– Люди пропадают на Марсе, Ирма. То один, то другой. Кто-то заблудится в буре, кто-то сорвётся в бездну, изучая кратеры. И до ближайшего следователя четыреста миллионов километров.
Не буду скрывать, я впервые испугалась за свою жизнь. Живя на Земле, я привыкла, что всевидящее око коллективного разума лишило приватности не только простых обывателей, но и преступников. Здесь же, в полугоде полёта от Земли, воцарился Дикий Запад – территория беззакония.
– Так что будь осторожна, нарушая правила, – прошипел Анджей, убирая шокер и сменяя выражения лица словно маску.
– Буду, – сказала я, – но и ты оглядывайся.
Думаю, он распознал мой блеф. Годами мои жизнь и карьера зависели от умения не влезать в конфликты и не проявлять агрессию, что сделало меня абсолютно беззащитной.
…Возможность попасть в Офир Хазму представилась в середине месяца Карка по марсианскому календарю.
Мне приказали добраться до Лабиринта Ночи и найти пропавшего следопыта. Но бросить его там, если он нарушил запрет и подобрался слишком близко. Я попросила дать напарника, но Анджей Ким лишь развёл руками, мол, нехватка людей. Чушь и ложь.
Я потратила половину сола, марсианского дня, чтобы добраться до места, где бедолага в последний раз выходил на связь. Дрон-поисковик на солнечном парусе проработал лишь три часа и после рухнул мёртвой птицей в каньон, поэтому ещё сол я прочёсывала территорию вручную.
Я отдохнула в марсоходе и вновь отправилась на поиски. Темнело, и в голубом небе загорелись жуткие колючие звезды.
Стоило признать, что миссия по спасению провалилась. Если только пропавший не притащил мобильную оранжерею, он мёртв. Семидесятый погибший. И сороковой исчезнувший в красных песках.
Солнце медленно уходило за горизонт, и Олимп отбрасывал длинную тень. Я стояла недалеко от «входа» в каньон – места, где ветер выбил в породе циклопические ступени.
Каким бы сильным ни было желание посмотреть на загадочное и запретное место, у меня кончались запасы воды. В светлое время я могла бы увидеть белый силуэт скафандра, но ночью поиск становился невозможным.

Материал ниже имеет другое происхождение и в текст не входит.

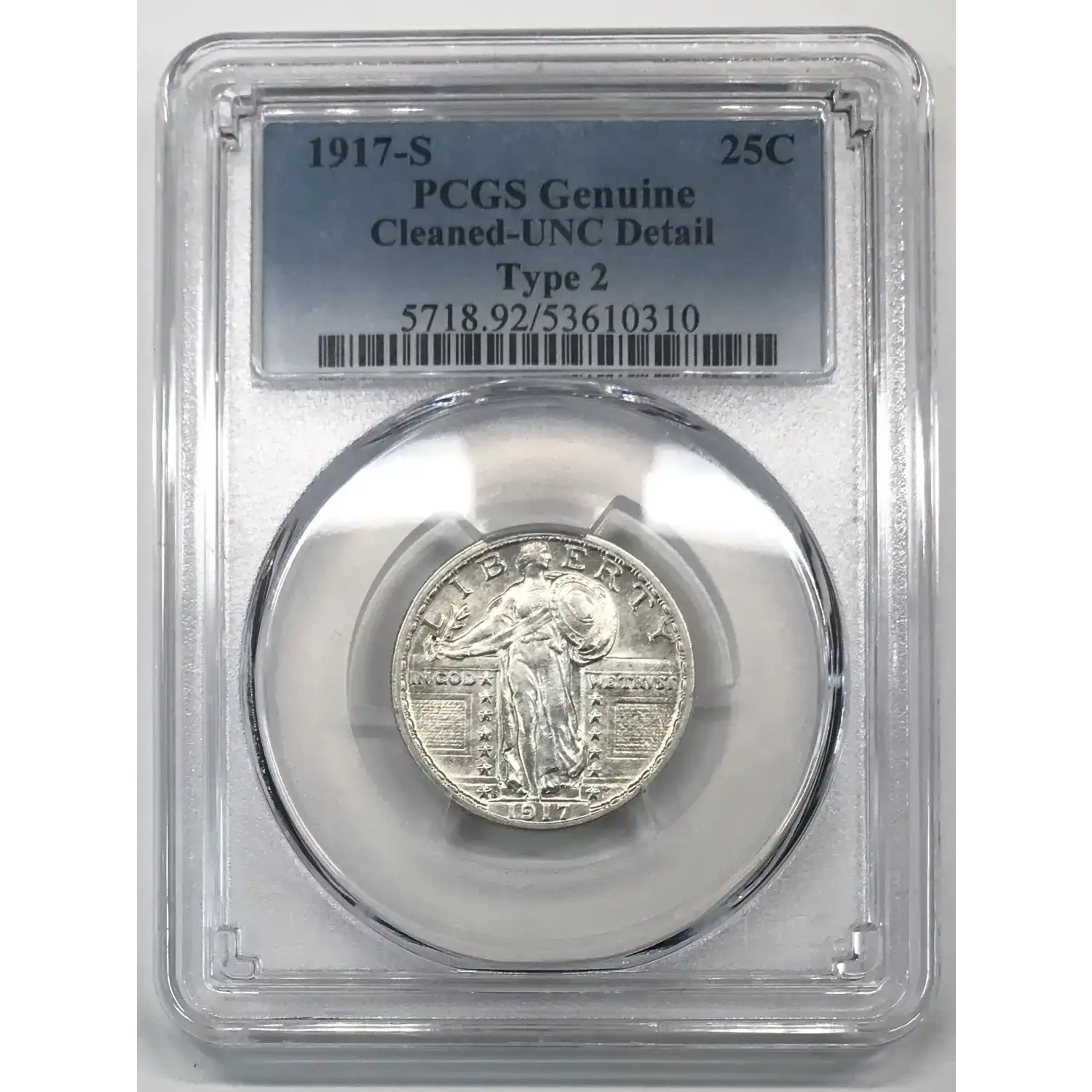 1917-S Standing Liberty Quarter PCGS Genuine - UNC Details (92 - Cleaned) Type 2

Я передала запрос на признание следопыта пропавшим без вести и уже была готова повернуть назад, когда услышала несущийся откуда-то неподалёку крик.
Это был истошный вопль о помощи, когда человек от боли теряет рассудок. Я замотала головой, пытаясь увидеть зовущего, но скафандр закрывал мне половину обзора.
Бросить поиски можно. Бросить умирающего – нельзя.
Я вновь и вновь пыталась понять, где кричит человек, а в это время на Тарсис опустилась чёрная марсианская ночь. Ещё раз осмотрев территорию вокруг спуска, я пришла к выводу, что пропавший соскользнул со ступеней и лежит метрах в ста внизу.
Я отладила мощный бело-лунный фонарь на шлеме, вбила в край каньона страховку и стала спускаться, надеясь, что хватит длины троса.
Чёрные стены сомкнулись над головой, а я всё спускалась и спускалась.
Крики становились громче и, в тоже время, они меняли направление. Будто следопыт, потерявший рассудок, уползал дальше вниз.
Через десять минут я уже искренне хотела, чтобы он замолчал, чтобы с чистой совестью повернуть назад.
Краем глаза я заметила движение и вздрогнула всем телом.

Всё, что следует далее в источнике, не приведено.